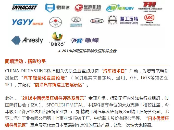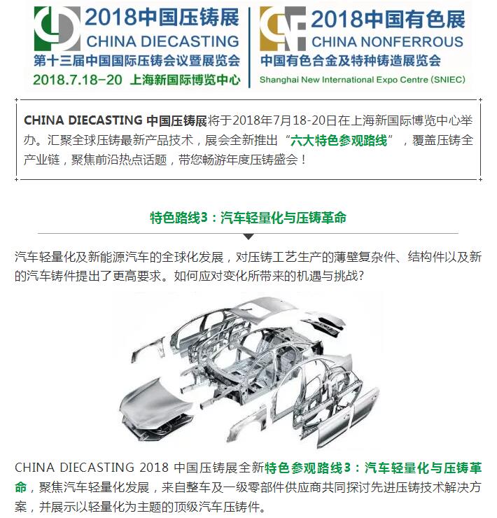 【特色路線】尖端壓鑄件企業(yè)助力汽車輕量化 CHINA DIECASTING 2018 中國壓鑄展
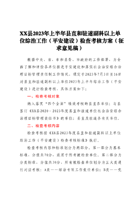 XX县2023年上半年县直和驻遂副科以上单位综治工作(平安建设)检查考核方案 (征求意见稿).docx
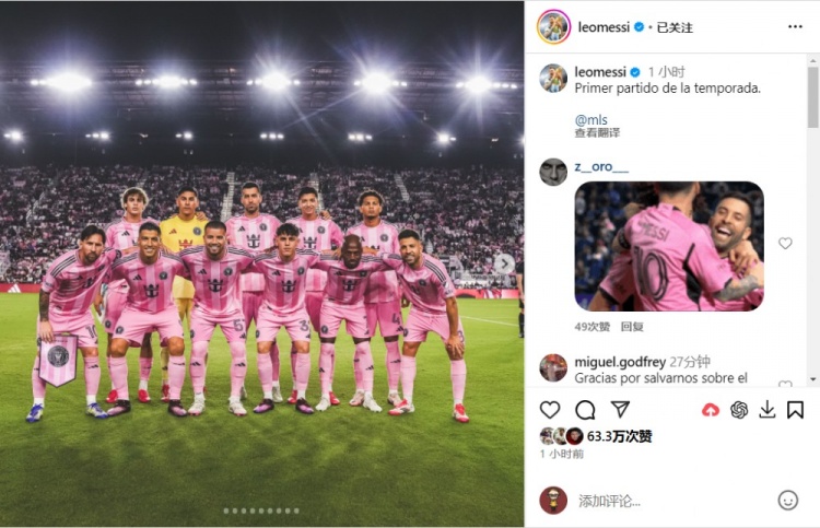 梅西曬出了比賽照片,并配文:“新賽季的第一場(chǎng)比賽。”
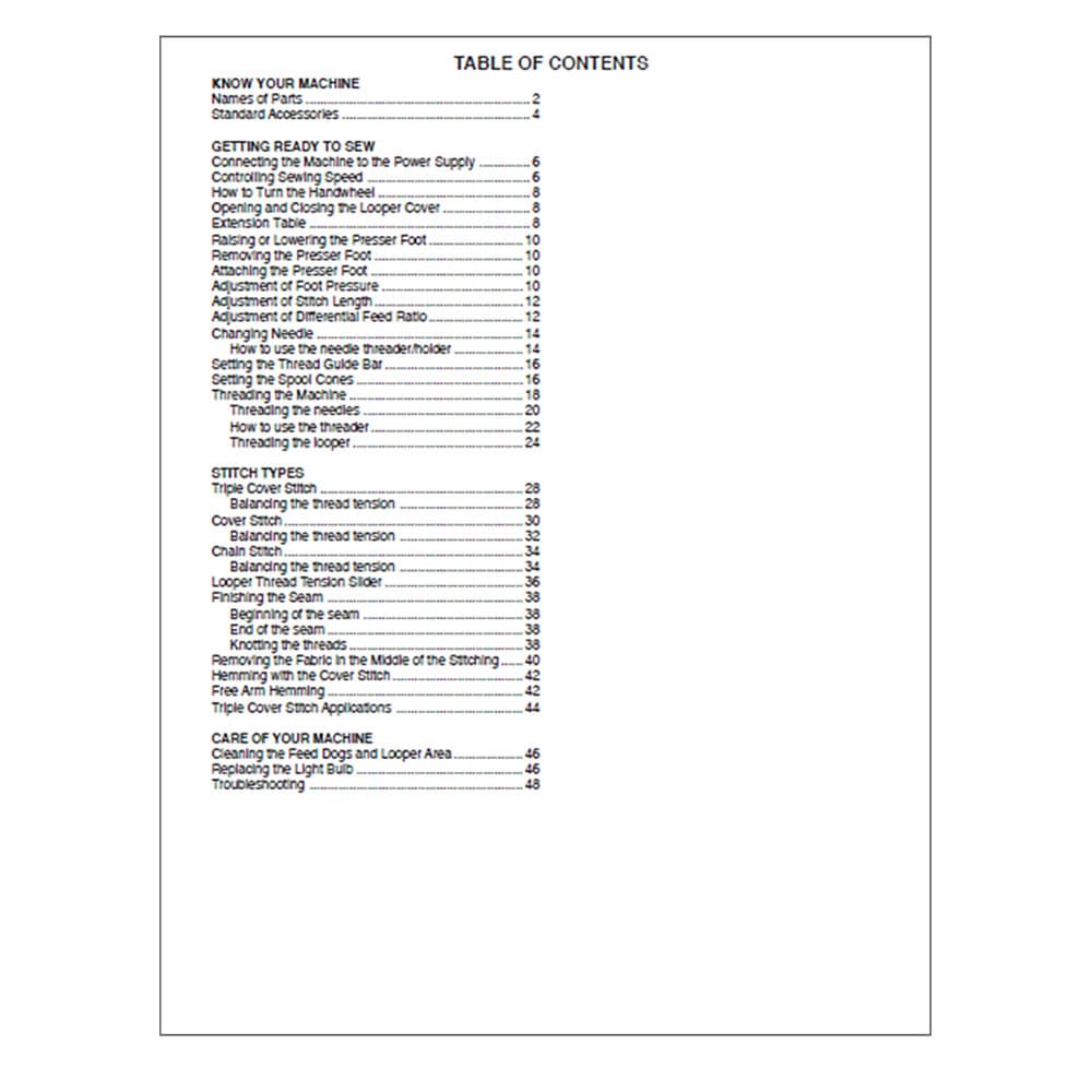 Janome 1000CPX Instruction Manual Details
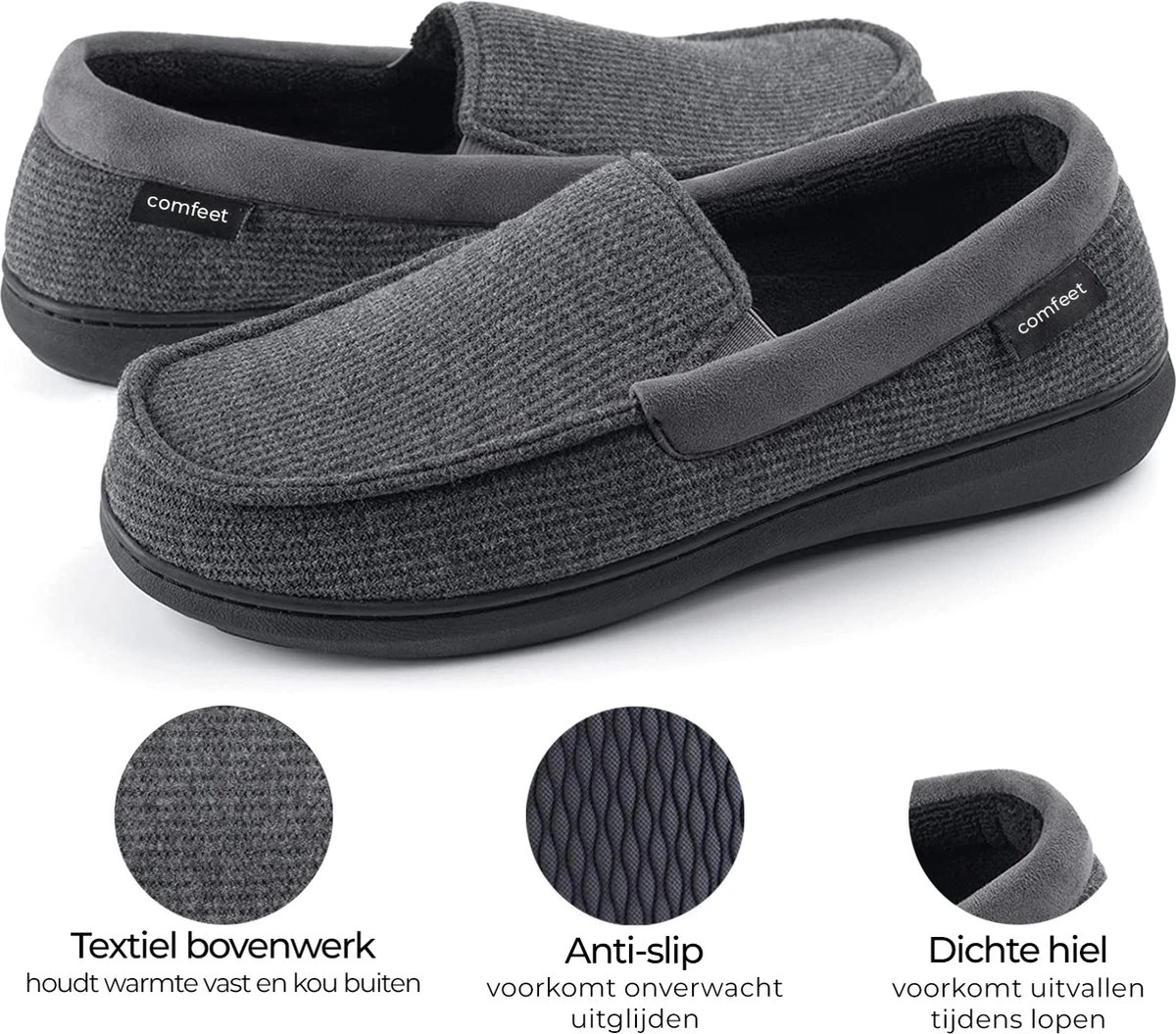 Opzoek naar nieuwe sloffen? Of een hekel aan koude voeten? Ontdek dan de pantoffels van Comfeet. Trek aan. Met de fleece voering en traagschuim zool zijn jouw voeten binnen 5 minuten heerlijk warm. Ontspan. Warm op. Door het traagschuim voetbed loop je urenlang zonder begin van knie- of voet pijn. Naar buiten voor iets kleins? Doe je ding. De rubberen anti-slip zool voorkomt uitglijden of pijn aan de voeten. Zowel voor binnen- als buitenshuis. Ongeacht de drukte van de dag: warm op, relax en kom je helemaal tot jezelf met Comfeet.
==
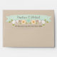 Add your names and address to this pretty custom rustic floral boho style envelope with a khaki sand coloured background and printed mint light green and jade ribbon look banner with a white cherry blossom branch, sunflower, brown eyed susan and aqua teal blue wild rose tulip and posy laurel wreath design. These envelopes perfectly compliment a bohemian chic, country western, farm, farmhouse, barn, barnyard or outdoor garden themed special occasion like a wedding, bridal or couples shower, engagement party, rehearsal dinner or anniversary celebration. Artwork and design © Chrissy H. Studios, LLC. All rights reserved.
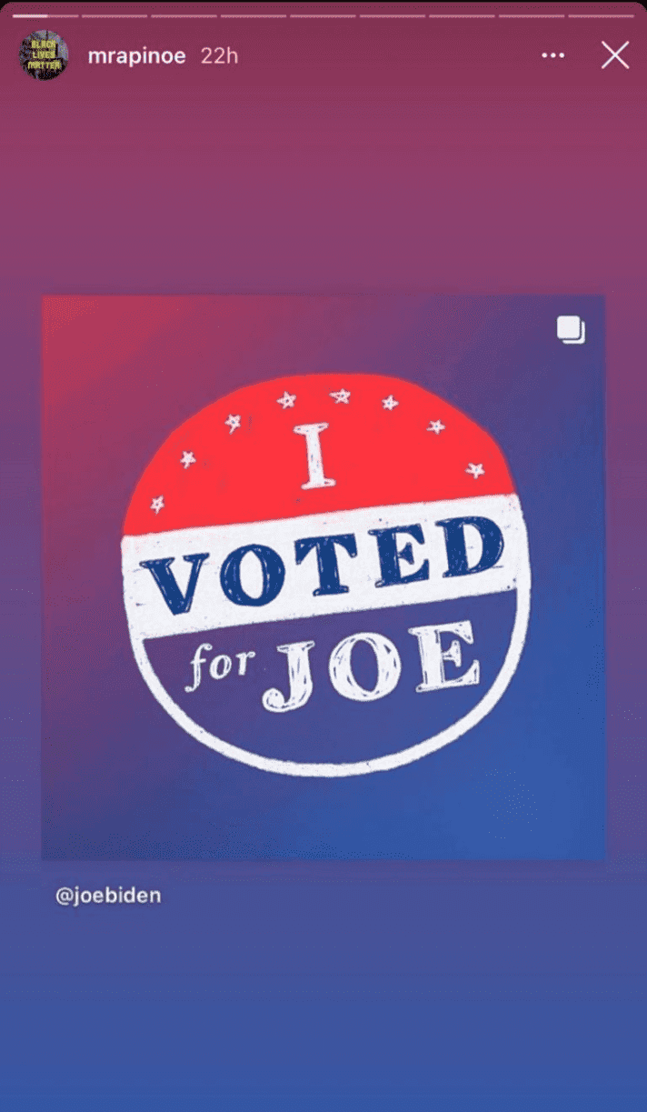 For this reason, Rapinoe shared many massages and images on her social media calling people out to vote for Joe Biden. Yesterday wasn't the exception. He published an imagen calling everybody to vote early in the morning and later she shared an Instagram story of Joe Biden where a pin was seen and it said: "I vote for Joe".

▸ **Work request**
The response must repeat exactly the lines above from the one with "DIECASTING 2018 中國壓鑄展" through the one with "Janome 1000CPX Instruction Manual Details", including both, and must contain no pictures and no other text.

▸ **Written answer**
 【特色路線】尖端壓鑄件企業(yè)助力汽車輕量化 CHINA DIECASTING 2018 中國壓鑄展
 XX县2023年上半年县直和驻遂副科以上单位综治工作(平安建设)检查考核方案 (征求意见稿).docx
 梅西曬出了比賽照片,并配文:“新賽季的第一場(chǎng)比賽。”
 Janome 1000CPX Instruction Manual Details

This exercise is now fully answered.